_The task_
This task calls for the lines below starting at the one containing "跨境新款太阳能灯动物树脂工艺品装饰花园摆件阳台田园庭院灯" and ending at the one containing "駕駛式洗地機(jī)在倉庫水泥地面上使用", repeated exactly with both ends kept and pictures left out.

_Supplied material_
-=-=-

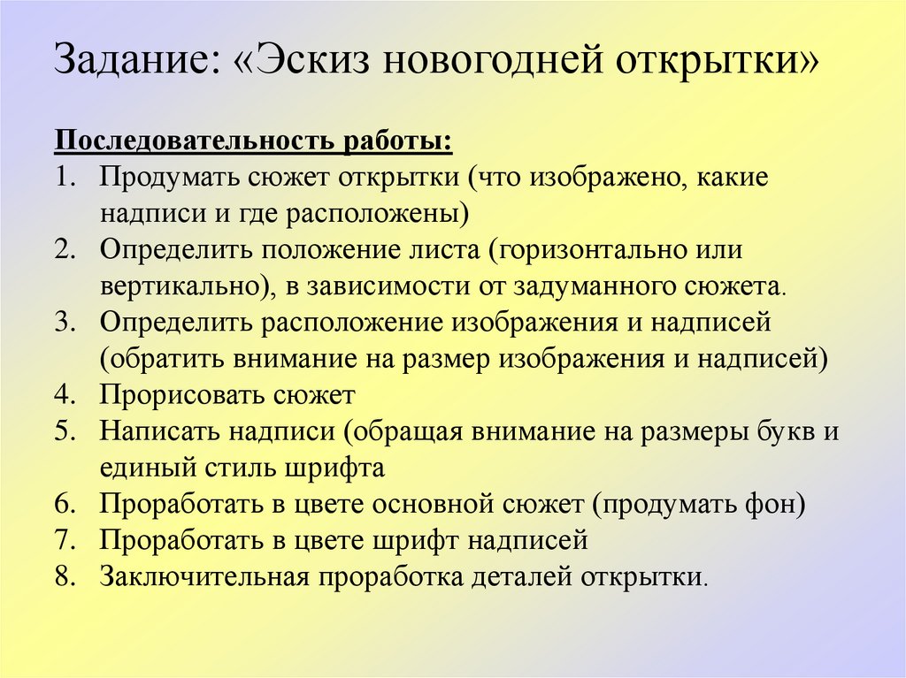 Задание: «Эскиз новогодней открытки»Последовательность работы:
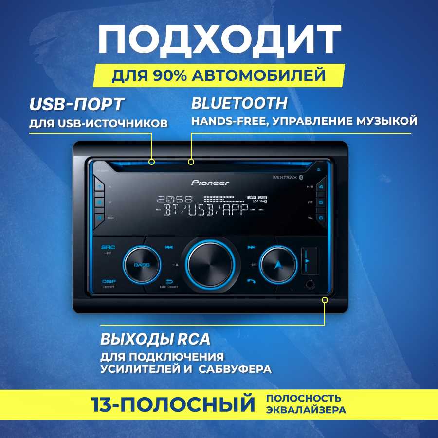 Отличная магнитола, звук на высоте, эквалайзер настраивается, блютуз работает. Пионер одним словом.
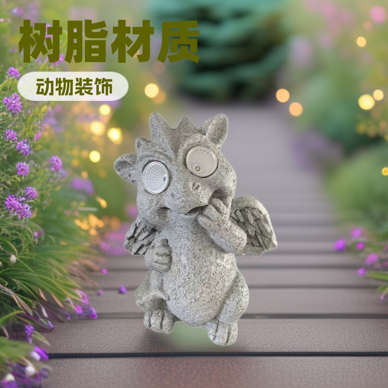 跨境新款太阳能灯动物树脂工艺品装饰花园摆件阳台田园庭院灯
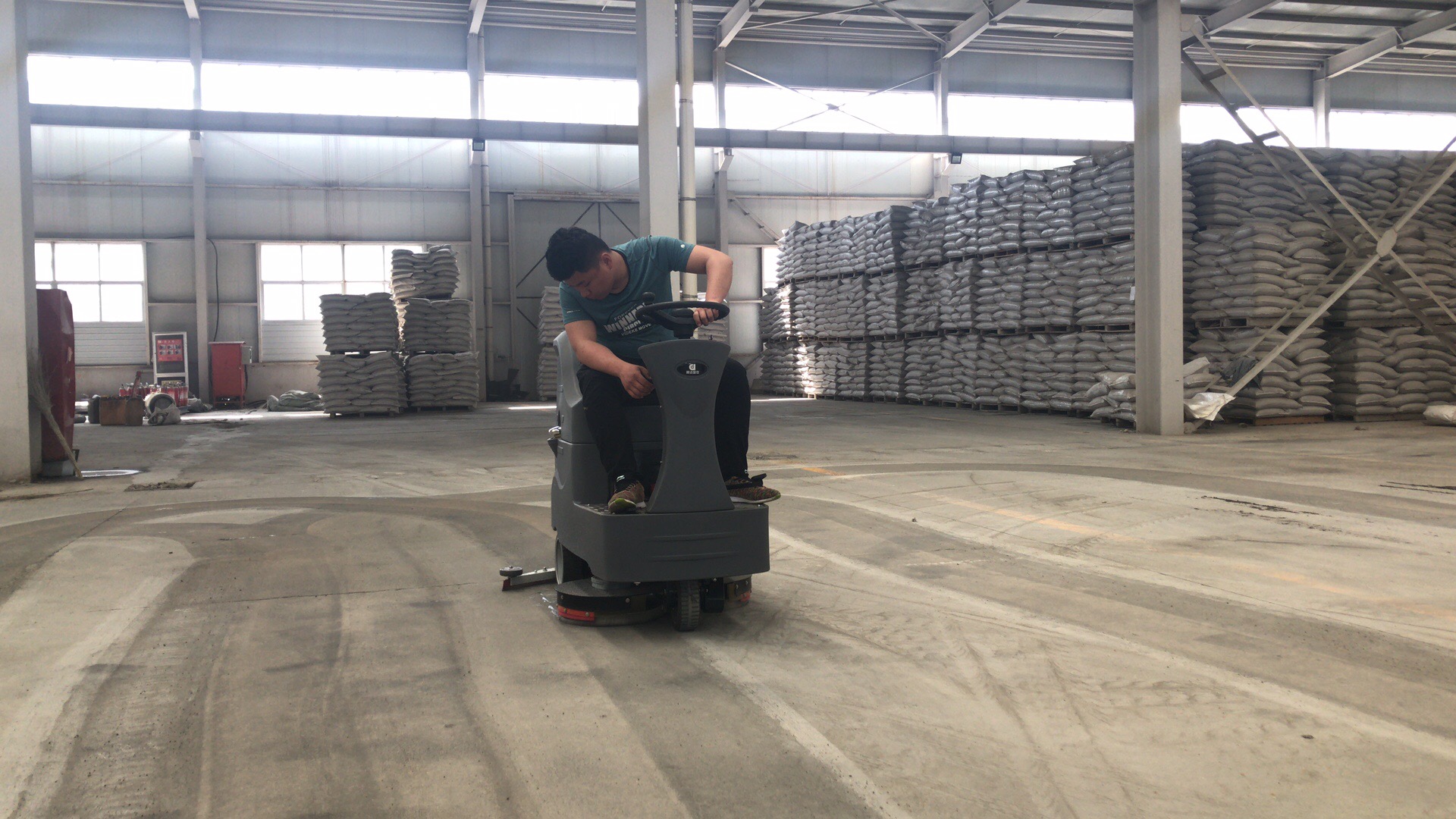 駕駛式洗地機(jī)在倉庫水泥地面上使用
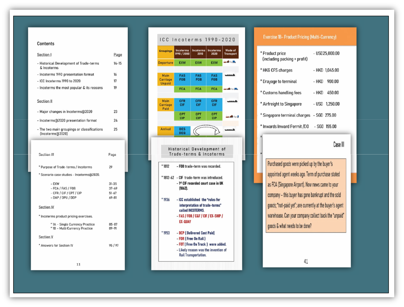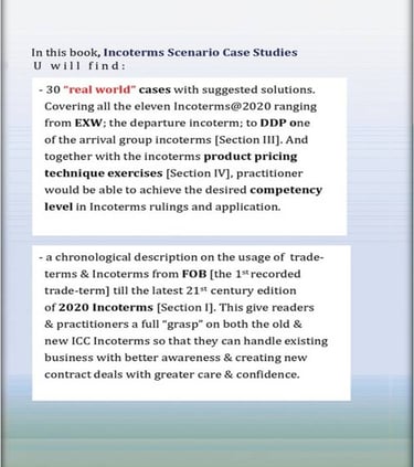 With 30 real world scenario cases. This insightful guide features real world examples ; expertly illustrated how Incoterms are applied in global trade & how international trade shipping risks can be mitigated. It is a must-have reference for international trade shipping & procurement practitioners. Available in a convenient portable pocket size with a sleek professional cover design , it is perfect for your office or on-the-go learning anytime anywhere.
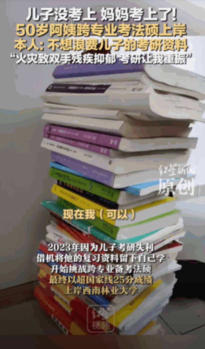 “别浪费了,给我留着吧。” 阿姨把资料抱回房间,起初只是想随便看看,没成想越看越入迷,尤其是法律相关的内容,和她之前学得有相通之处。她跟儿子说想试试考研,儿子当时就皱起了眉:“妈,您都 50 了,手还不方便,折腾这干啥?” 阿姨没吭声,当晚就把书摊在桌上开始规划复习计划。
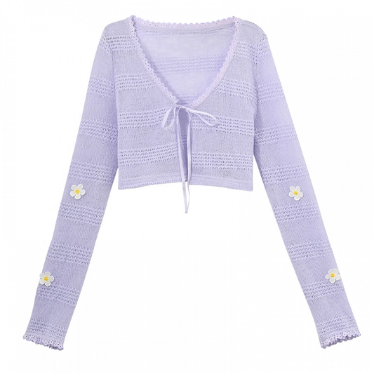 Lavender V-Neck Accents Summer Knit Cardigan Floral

-=-=-

_Response_
 跨境新款太阳能灯动物树脂工艺品装饰花园摆件阳台田园庭院灯
 駕駛式洗地機(jī)在倉庫水泥地面上使用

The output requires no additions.